┌──
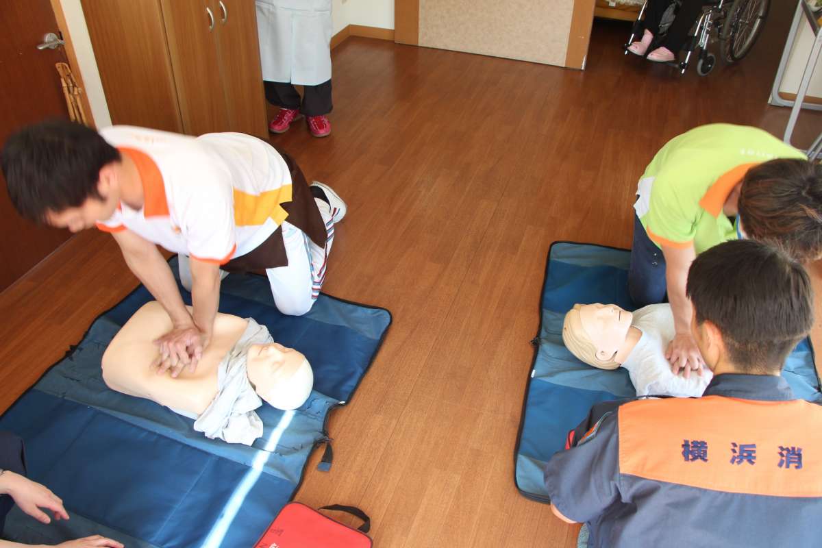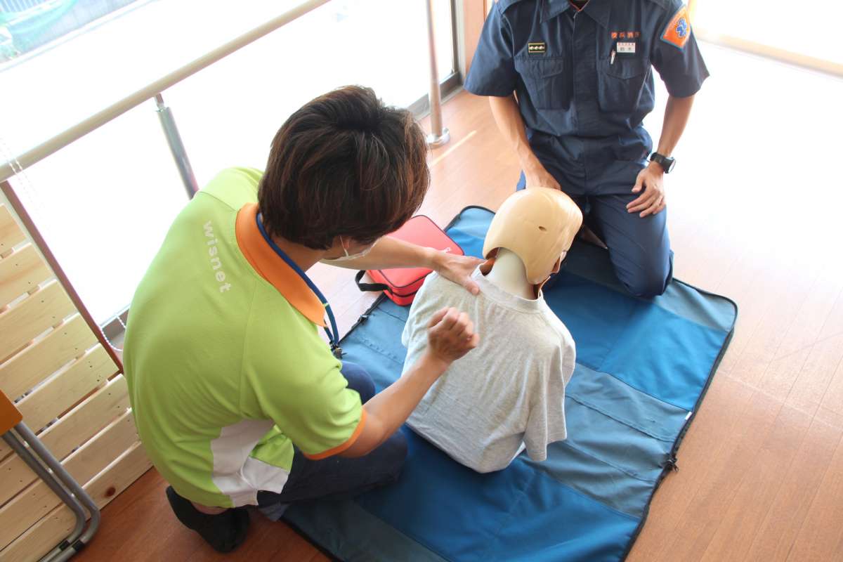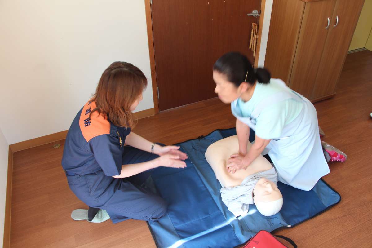 今回は、AEDの使い方と物が詰まったときの対処方法を指導いただきました。
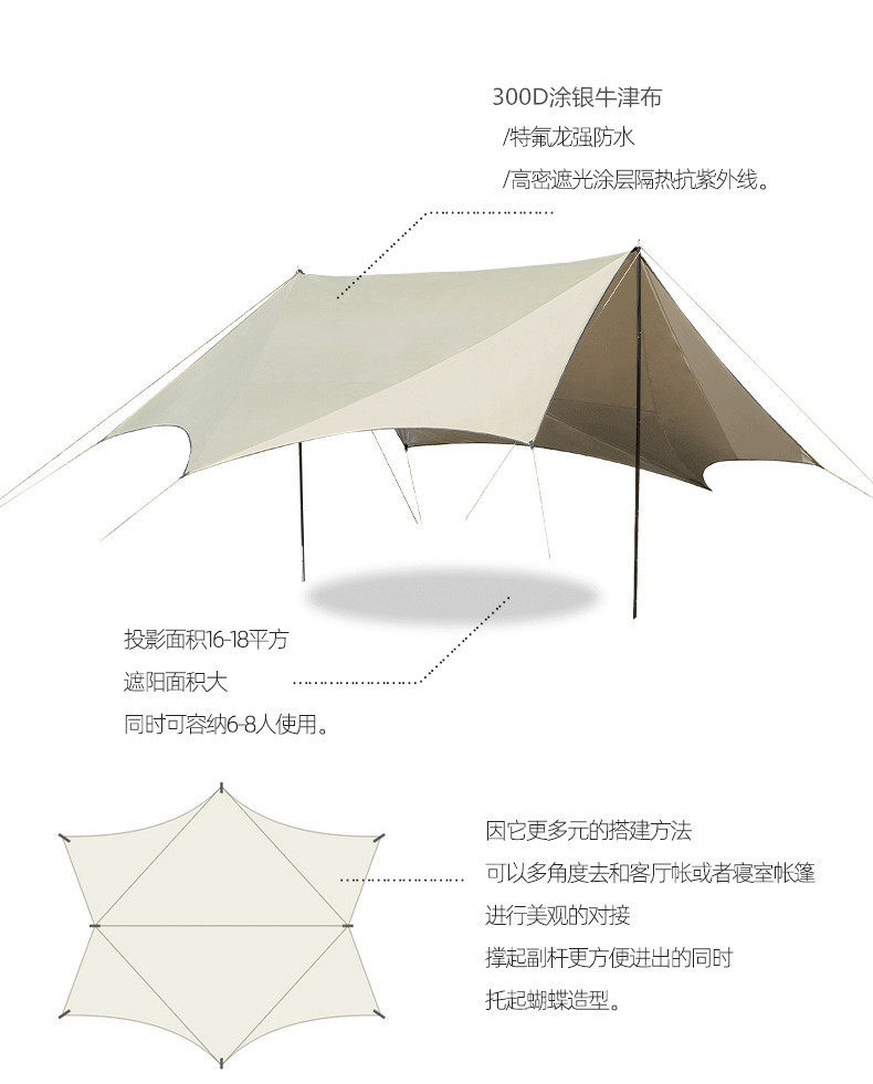 Outdoor oversized sunshade monster canopy painted silver picnic sunshade camping canopy living room diamond-shaped double-wing 6-corner canopy
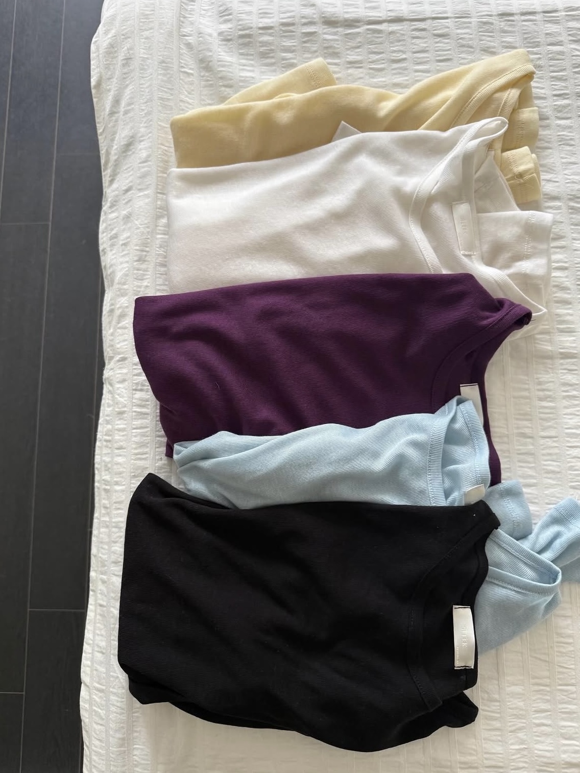 두께감 얇음 / 비침 있음 / 신축성 보통 / 안감 없음
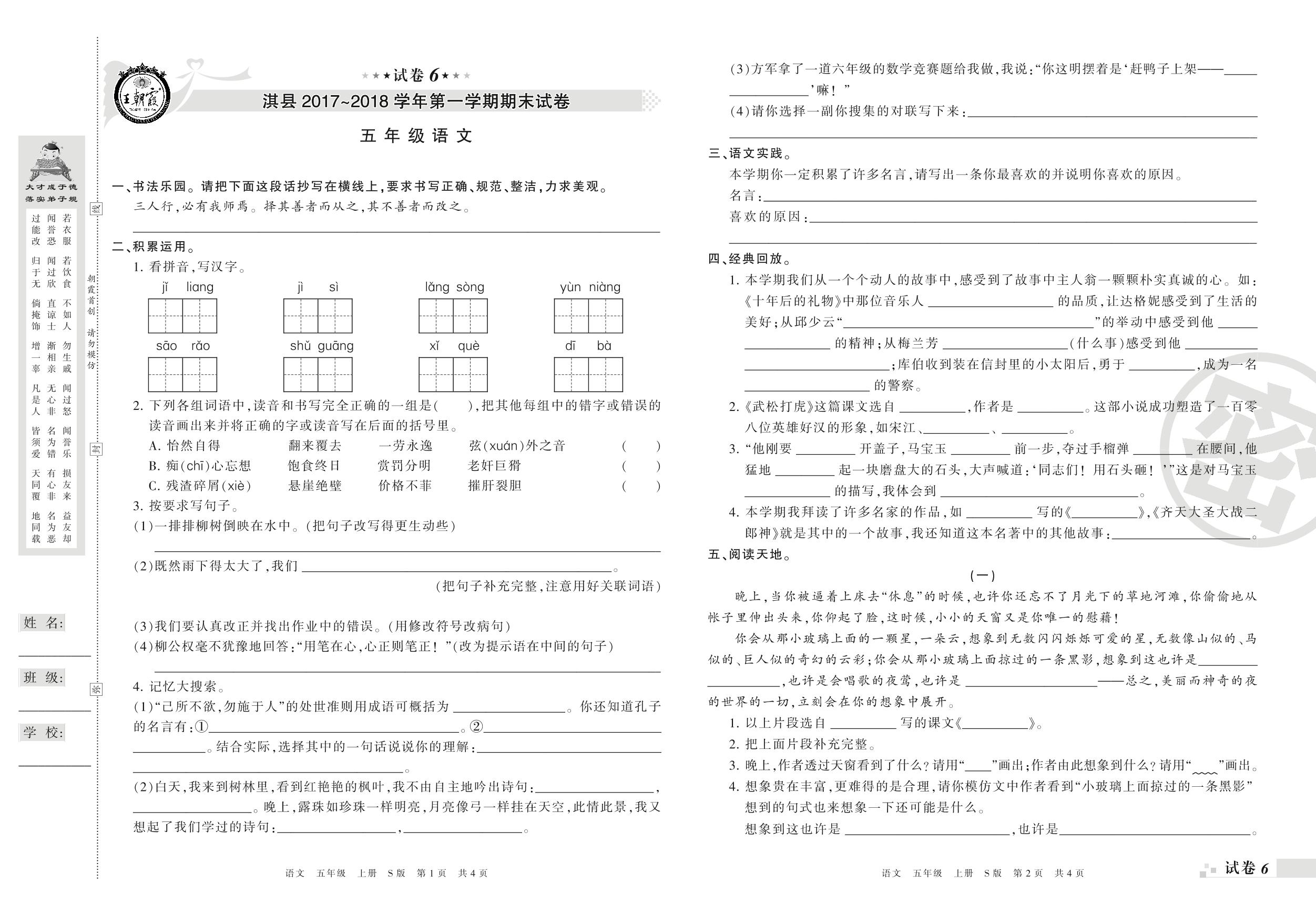 2017-2018学年第一学期鹤壁市淇县五年级语文试卷(S版)【6】
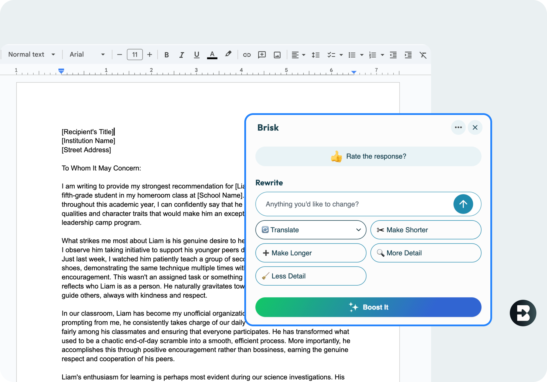 Brisk’s AI mirrors your tone and phrasing to create authentic, human-sounding recommendations. No generic templates — just letters that reflect how you’d naturally write about your students.
└──
◆ WHAT NEEDS TO BE DONE ◆
Exactly the lines from the line with "2017-2018学年第一学期鹤壁市淇县五年级语文试卷(S版)【6】" through the end of the data are to be reproduced, and no picture is to be included.

◆ ANSWER TO THIS PROBLEM ◆
 2017-2018学年第一学期鹤壁市淇县五年级语文试卷(S版)【6】
 Brisk’s AI mirrors your tone and phrasing to create authentic, human-sounding recommendations. No generic templates — just letters that reflect how you’d naturally write about your students.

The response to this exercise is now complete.